With many housebuilders adopting a cautious approach to retirement living in Scotland, Savills has identified ‘an untapped opportunity’ for investors willing to provide new housing for the retirement sector north of the border.
Research from Savills looks at how developing a collaborative and creative strategy, involving landowners, planners and developers, can help cater for this important and growing target group of homeowners, including a two-tier approach that is not solely focused on the top end of the downsizer market.
With a growing older population who have a pressing housing need and equity to invest, the company believe that not only is there a commercial opportunity, but a corporate responsibility for the planning and development sector to address this important market in Scotland.
Savills research states the number of people aged over 65 is set to increase from 550,000 to 1.4m by 2037, an increase of at least 100,000 every five years. This unprecedented level of growth will be spread geographically and will have important implications for housing across Scotland.

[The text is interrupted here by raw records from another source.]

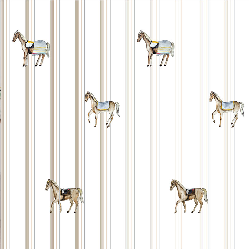 Eine gestreifte Tapete mit Pferden auf einem weißen Hintergrund mit zusätzlichen beigen Streifen. Die Tapete ist ideal für Pferdeliebhaber. Sie ist ein zeitloser Klassiker, der in ein Jungenzimmer, aber auch ins Wohn- oder Schlafzimmer passt.
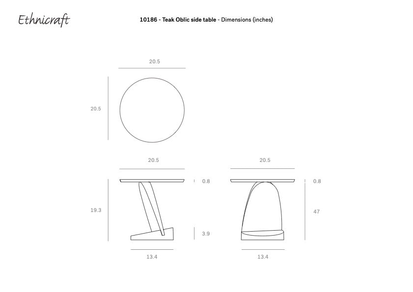 Line drawings display top, front, and side views with dimensions in inches of the Ethnicraft Oblic Side Table - Teak, crafted from FSC-certified teak for sustainable design.
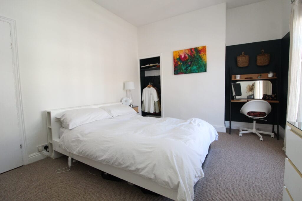 Double bedroom with neutral décor and floor coverings, lots of natural light and space for double beds and wardrobes/dressing tables. Enjoys views over the rear terrace and comes with original fireplace.
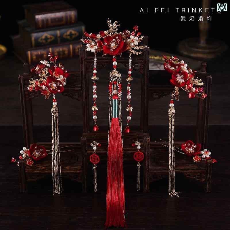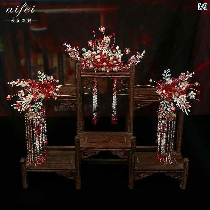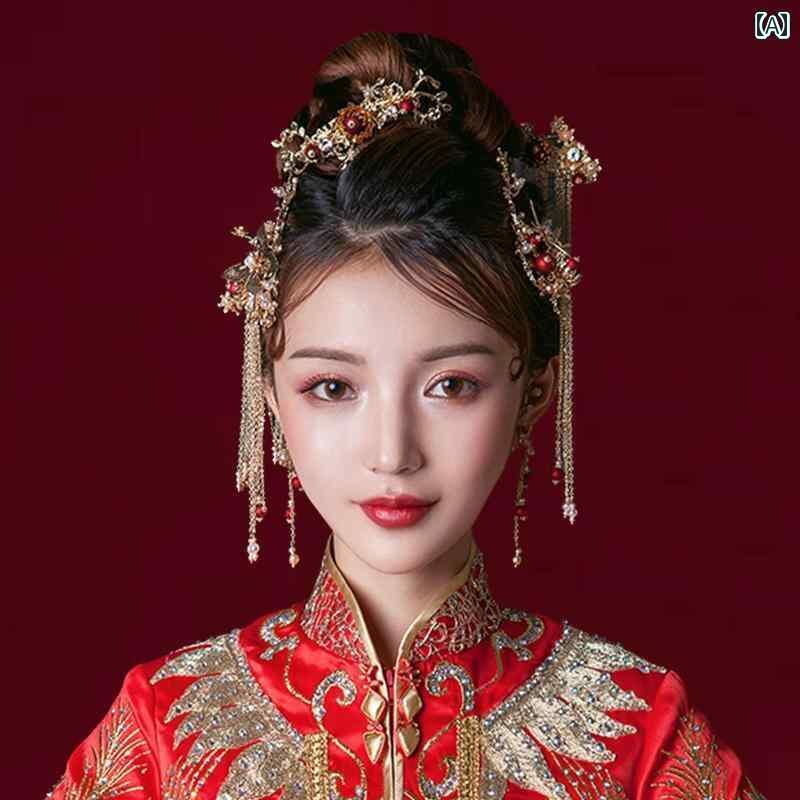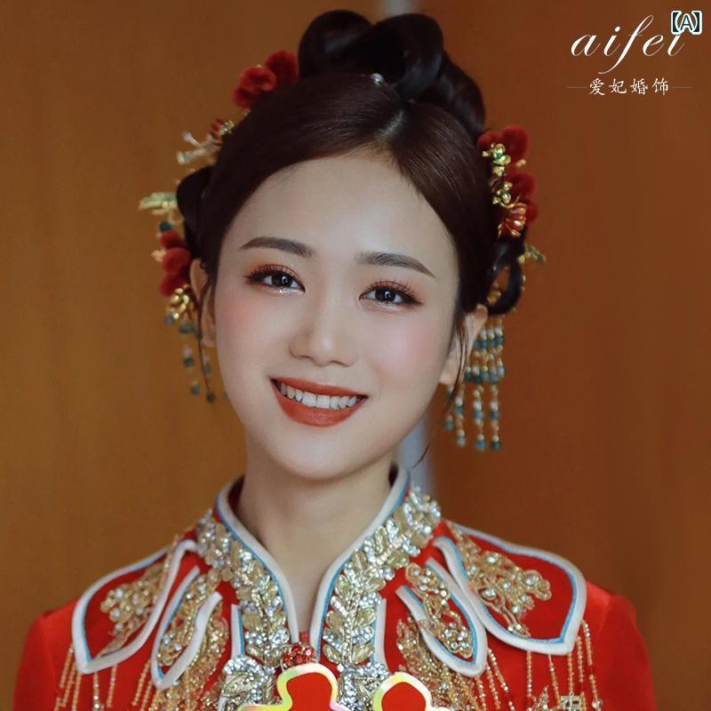 花嫁 Xiuhe 頭飾り チャイナ風 結婚式 赤 レトロ タッセル スーツ 衣装 マレー ガウン Xiuhe 衣装 アクセサリー
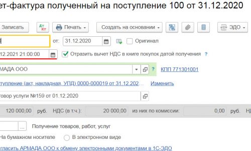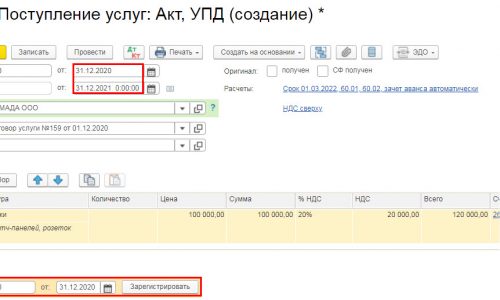 Услуги акт и СФ от 31.12.2020 №100 на 120 000 в т.ч. НДС 20% получили 31.12.2021.
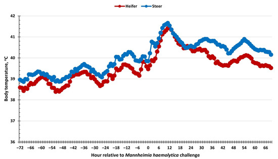 Influence of calf sex on the body temperature response to a dual viral–(bovine herpesvirus-1; 1 × 108 pfu/nostril) bacterial (Mannheimia haemolytica; 1.3 × 107 cfu) respiratory disease challenge. Rectal temperature was measured every 5 min and averaged across hours from −72 to 69 h relative to the challenge with Mannheimia haemolytica. Body temperature increased (p < 0.01) following Mannheimia haemolytica challenge and was reduced in heifers compared to steers (sex: p < 0.01). SEM ± 0.22 °C.
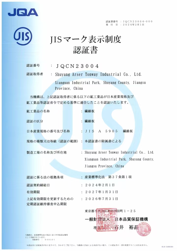 我司參股投資的沭陽亞森同匯成功通過日本JIS認證,獲頒JIS證書。

The findings reveal that the average transaction value in Scotland - in the year to March 2016 - was £166,624, compared to £250,000 across the UK as a whole. Therefore, whilst a considerable number of over 65s own their property outright in Scotland, it is unlikely that many people will able to release large amounts of equity.
Consequently, the challenge for those seeking to provide retirement housing in Scotland will be providing desirable properties at attainable prices.
Savills says that a two-tier approach is required which will cater both for downsizers operating at the top end of the market, but also for more modest retirement housing. So, although there are challenges for developers and investors in terms of value, the demographics indicate a huge untapped opportunity for the right product for the right buyer.